Charter's Mega Merger Results In Higher Prices, Slower Speeds, And Worse Customer Support Than Ever
from the meet-the-new-boss dept
When Charter pitched its $79 billion acquisition of Time Warner Cable and Bright House Networks, the company promised an absolute ocean of improvements for customers, including better broadband speeds, improved cable boxes and new jobs. After blocking Comcast’s own merger attempt of these companies, regulators bought into this promise, approving the merger but banning the cable company from imposing usage caps, charging Netflix steep interconnection fees, or otherwise trampling net neutrality (even if the FCC’s rules are gutted by the incoming administration).
But, even with these conditions, it’s becoming apparent to many customers that the already shaky service they had under Time Warner Cable and Bright House Networks is actually getting worse. Charter apparently doesn’t believe in offering customer support via alternative methods, so it has eliminated most of the alternative customer support offered via social media and third party forums. Despite promising broadband speed upgrades, the company has also frozen the upgrades that had been taking place at the acquired companies.

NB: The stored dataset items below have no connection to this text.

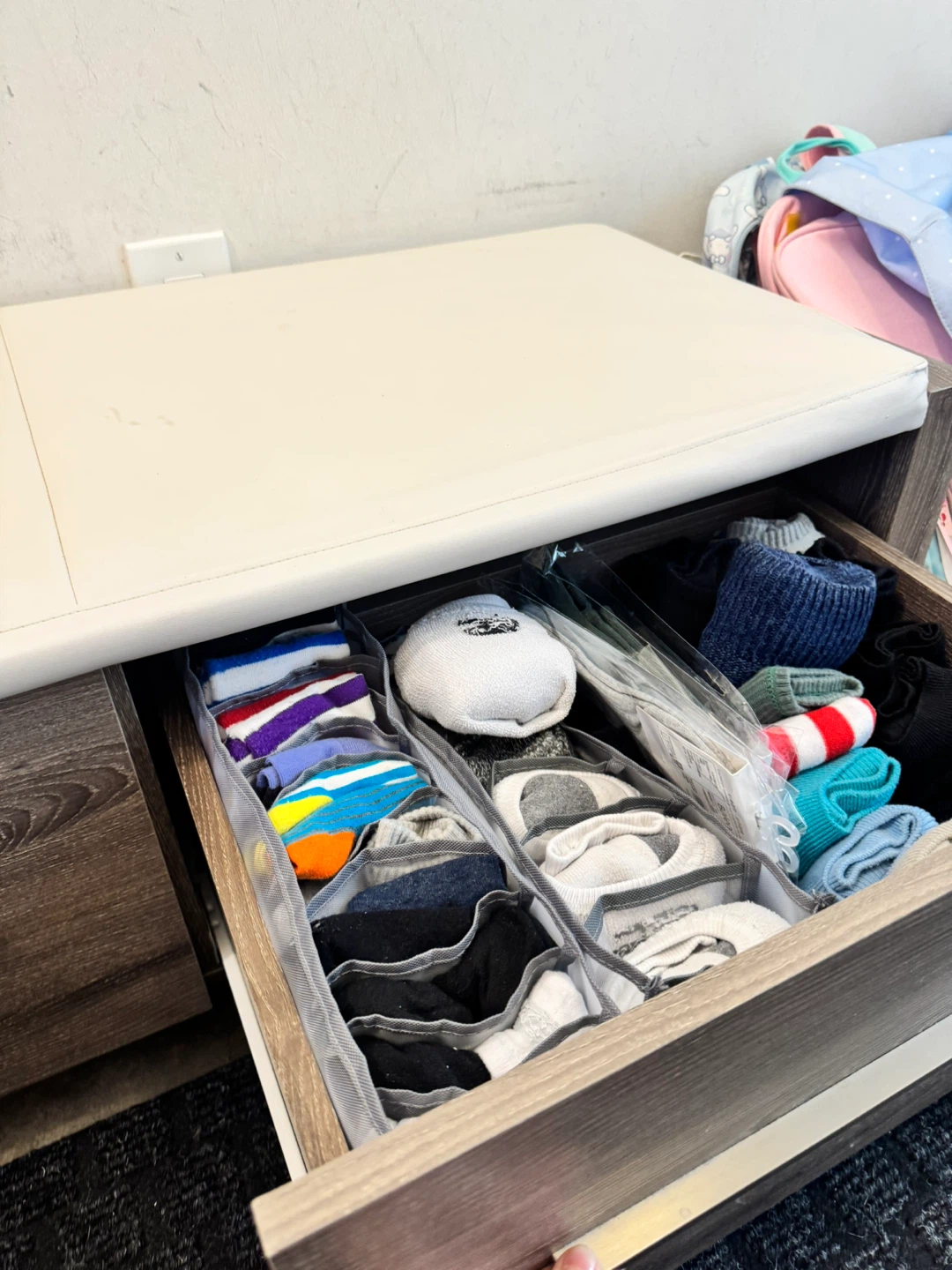Wooden storage bench featuring two drawers and a cushioned top for seating. Includes fabric drawer organizers. Great for entryway or bedroom storage!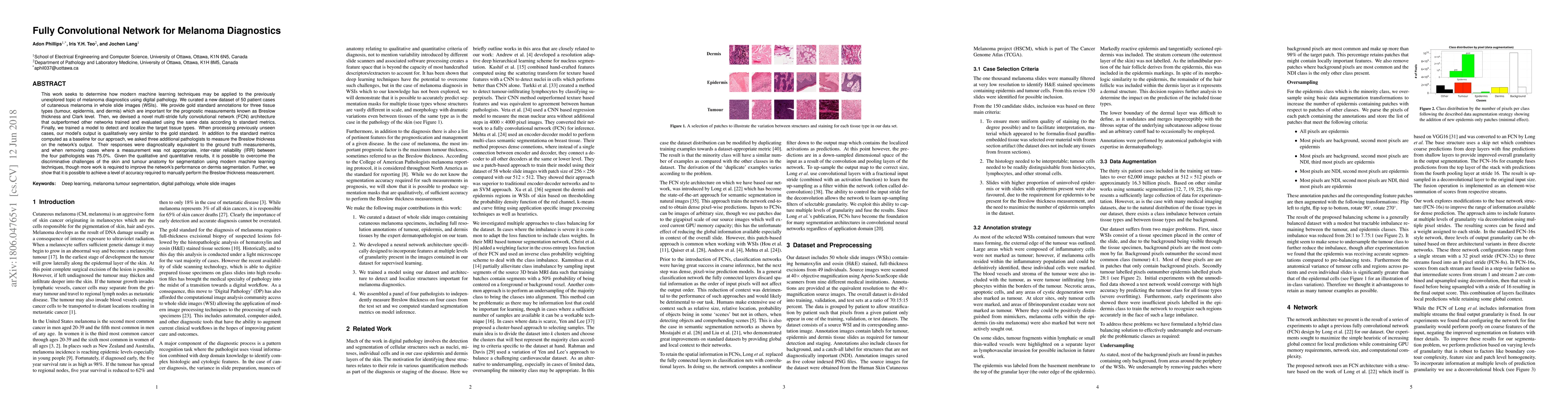 This work seeks to determine how modern machine learning techniques may be applied to the previously unexplored topic of melanoma diagnostics using digital pathology. We curated a new dataset of 50 patient cases of cutaneous melanoma using digital pathology. We provide gold standard annotations for three tissue types (tumour, epidermis, and dermis) which are important for the prognostic measurements known as Breslow thickness and Clark level. Then, we devised a novel multi-stride fully convolutional network (FCN) architecture that outperformed other networks trained and evaluated using the same data according to standard metrics. Finally, we trained a model to detect and localize the target tissue types. When processing previously unseen cases, our model's output is qualitatively very similar to the gold standard. In addition to the standard metrics computed as a baseline for our approach, we asked three additional pathologists to measure the Breslow thickness on the network's output. Their responses were diagnostically equivalent to the ground truth measurements, and when removing cases where a measurement was not appropriate, inter-rater reliability (IRR) between the four pathologists was 75.0%. Given the qualitative and quantitative results, it is possible to overcome the discriminative challenges of the skin and tumour anatomy for segmentation using modern machine learning techniques, though more work is required to improve the network's performance on dermis segmentation. Further, we show that it is possible to achieve a level of accuracy required to manually perform the Breslow thickness measurement.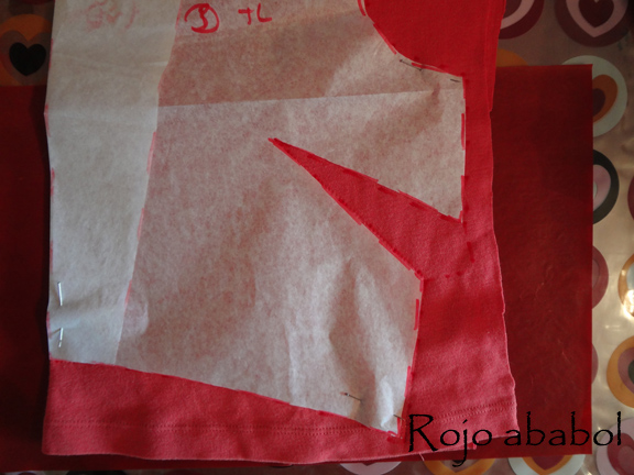 Ponemos debajo de la tela el papel de calco con la cara que mancha hacia arriba, no importa que no ocupe toda la tela, ya lo iremos moviendo.

This week, Charter formally applied its branding to acquired Time Warner Cable and Bright House markets. To introduce itself to its new customers, Charter got right to work post merger jacking up the price of service as customers’ long-term contracts expire, with an apparent unwillingness to offer any new promotions:
(One customer) told me he?d been paying Time Warner about $140 a month for TV, phone and Internet service. But now that Spectrum had reared its head, his bill had shot up to $162. ?I guess they?re trying to get their $8 billion back as quickly as possible,? Cohen, 74, said, referring to the fat bag of cash Time Warner Cable paid to be the exclusive distributor of Dodgers games.
Charter CEO Tom Rutledge insists that these freshly-acquired customers were “mispriced” and that offering promotions is a dead end game. None of this should be surprising. In telecom, where last-mile competition is little more than a pipe dream, larger mergers and acquisitions almost always result in higher prices, worse service, and job losses. Yet for obvious reasons, state and federal regulators are consistently intent on letting these companies grow larger and more apathetic, and ignoring the negative repercussions of these decisions as if they never happened.
Here’s the real problem: despite the hype surrounding efforts like Google Fiber, the broadband market is about to get even worse for tens of millions of consumers, thanks, in part, to this consolidation.
AT&T and Verizon have given up on millions of DSL customers they don’t want to upgrade, and have shifted their focus to media and advertising. Smaller telcos like Windstream, Frontier and CenturyLink don’t want to pay to upgrade their DSL lines either, in many areas, and are shifting to enterprise services. So as cable giants consolidate, DSL competitors dwindle, and we move toward a new era of hamstringing regulators that oversee the telecom market, cable’s monopoly will grow stronger, and the incentive to provide quality service at low prices will be less than ever before.